Metadata-Version: 2.1
Name: airscraper
Version: 0.1.4
Summary: Airtable Download CSV helper
Home-page: https://github.com/banditelol/airscraper
Author: Aditya Rachman Putra
Author-email: adityarputra@gmail.com
License: UNKNOWN
Platform: UNKNOWN
Classifier: Programming Language :: Python :: 3
Classifier: License :: OSI Approved :: MIT License
Classifier: Operating System :: OS Independent
Description-Content-Type: text/markdown
License-File: LICENSE

# Airscraper
[![Open In Colab](https://colab.research.google.com/assets/colab-badge.svg)](https://colab.research.google.com/github/banditelol/airscraper/blob/master/notebook/Airtable%20Scraping%20CSV.ipynb)
[![PyPI version](https://badge.fury.io/py/airscraper.svg)](https://badge.fury.io/py/airscraper)

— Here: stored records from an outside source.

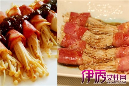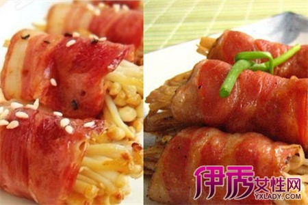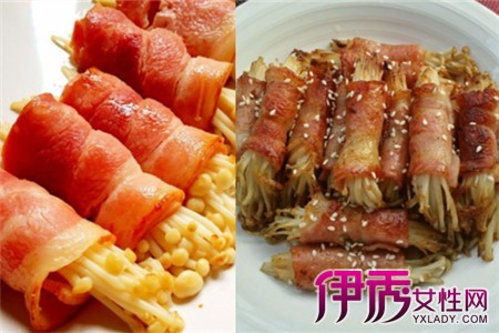 这道菜是很多人都喜欢的,尤其是小孩子。培根是高热量的食物,和金针菇搭配能够实现很好的营养均衡。首先你要准备培根10片、金针菇、生菜芝麻酱、食用油、胡椒粉。将金针菇洗泡在水中,加人盐,过十分钟后整块的取出,切除不要的部分,保留整块。同时将生菜洗干净备用。之后就是将金针菇和培根卷在一起。最好不要弄散开。不然不容易下锅。
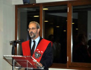 El rector, Daniel Hernández Ruipérez, durante los actos conmemorativos del 60 aniversario del Colegio Hernán Cortés en el año 2010.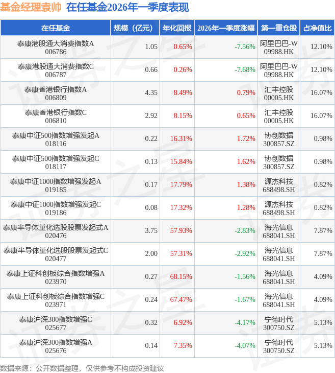 证券之星消息,日前泰康半导体量化选股股票发起式A基金公布一季报,2026年一季度最新规模3.75亿元,季度净值涨幅为-2.83%。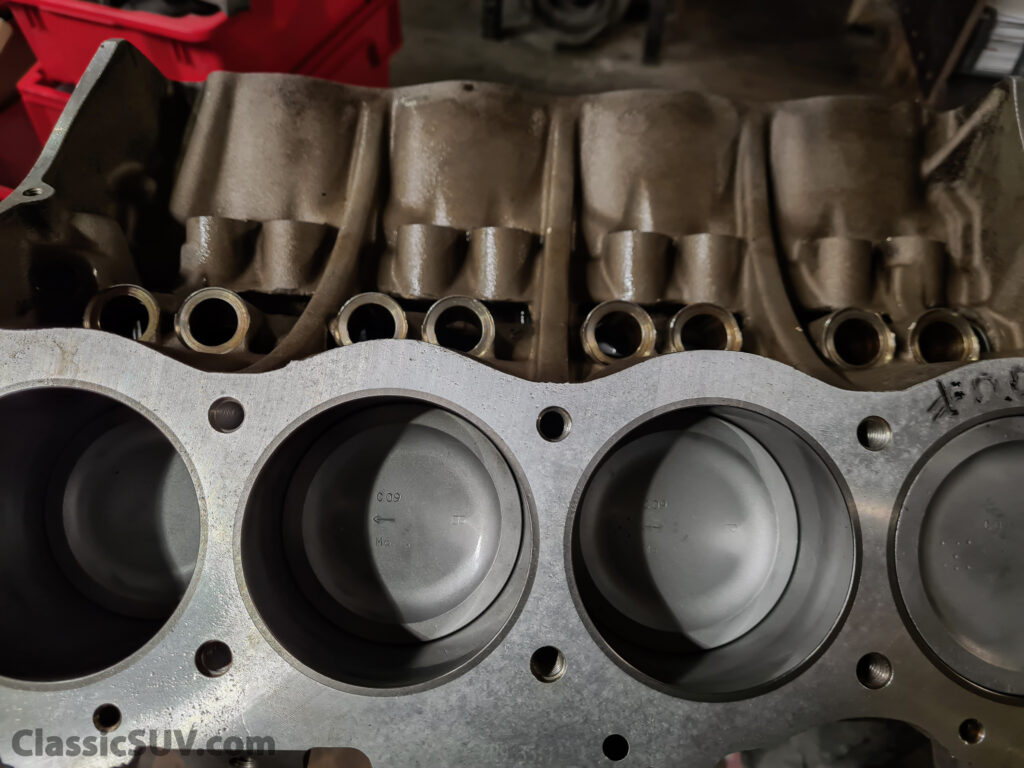 • Engine Block: Machined surfaces, honing, lining, leak test. New camshaft, valve lifters, camshaft bearings. Crankshaft polished and balanced. New bearings, oil pump, reduction valves, and seals.

A simple scraper to download csv from any airtable shared view programatically, think of it as a programatic way of downloading csv from airtable shared view.
Use it if:
- You want to download a shared view periodically
- You don't mind the shared view to be accessed basically without authorization

## Requirements
Because its a simple scraper, basically only beautifulsoup is needed
- BeautifulSoup4
- Pandas

## Installation

### Using pip (Recommended)

`pip install airscraper`

### Build From Source
- Install build dependencies:
``` Bash
pip install --upgrade pip setuptools wheel
pip install tqdm
pip install --user --upgrade twine
```
- Build the Package
  - `python setup.py bdist_wheel`
- Install the built Package
  - `pip install --upgrade dist/airscraper-0.1-py3-none-any.whl `
- Use it without adding python in front of it
  - `airscraper [url]`

### Direct Execution (Testing Purpose)
- Clone this project
- Install the requirements
  - `pip install -r requirements.txt`
- run the code
  - `python airscraper/airscraper.py [url]`

## Usage

Create a [shared view link](https://support.airtable.com/hc/en-us/articles/205752117-Creating-a-base-share-link-or-a-view-share-link#viewsharelink) and use that link to download the shared view into csv. All `[url]` mentioned in the examples are referring to the shared view link you get from this step.

### As CLI

``` Bash
# Print Result to Terminal
python airscraper/airscraper.py [url]

# Pipe the result to csv file
python airscraper/airscraper.py [url] > [filename].csv

```

### As Python Package

``` Python
from airscraper import AirScraper

client = AirScraper([url])
data = client.get_table().text

# print the result
print(data)

# save as file
with open('data.csv','w') as f:
  f.write(data)

# use it with pandas
from io import StringIO
import pandas as pd

df = pd.read_csv(StringIO(data), sep=',')
df.head()
```

## Help
```
usage: airscraper [-h] [-l LOCALE] [-tz TIMEZONE] view_url

Download CSV from Airtable Shared View Link, You can pass the result to file using
'> name.csv'

positional arguments:
  view_url              url generated from sharing view using link in airtable

optional arguments:
  -h, --help            show this help message and exit
  -l LOCALE, --locale LOCALE
                        Your locale, default to 'en'
  -tz TIMEZONE, --timezone TIMEZONE
                        Your timezone, use URL encoded string, default to
                        'Asia/Jakarta'
```

## What's next
Currently I'm thinking of several things in mind:
- ✅ Making this installed package
- Adds accessibility to use it in FaaS Platform (most use case I could thought of are related to this)
- ✅ Create a proper package that can be imported (so I could use it in my ETL script)
- ✅ Fill in LICENSE and setup.py, (to be honest I have no idea yet what to put into it)
  - It turns out there are a lot of resources [out there](https://dzone.com/articles/executable-package-pip-install) if you know what to look for :)

## Contributing
If you have similar problem or have any idea to improve this package please let me know in the issues or just hit me up on twitter [@BanditelolRP](https://twitter.com/banditelolRP)

### Development

If you're going to try to develop it yourself, here's my overall workflow

**1. Create a virtual environment**

I usually used `venv` on python 3.8 to create a new virtualenvironment

```bash
python -m venv venv
# and activate the environment
source venv/bin/activate
```

**2. Create a virtual environment**

Install necessary requirements and install the package for development using editable

```bash
pip install wheels pytest -q
pip install -r requirements.txt
pip install -e .
```

**3. Play around with the code**

You can browse the notebook for explanation on how it works and some example use case, and I really appreciate helps in documentation and testing. Have fun!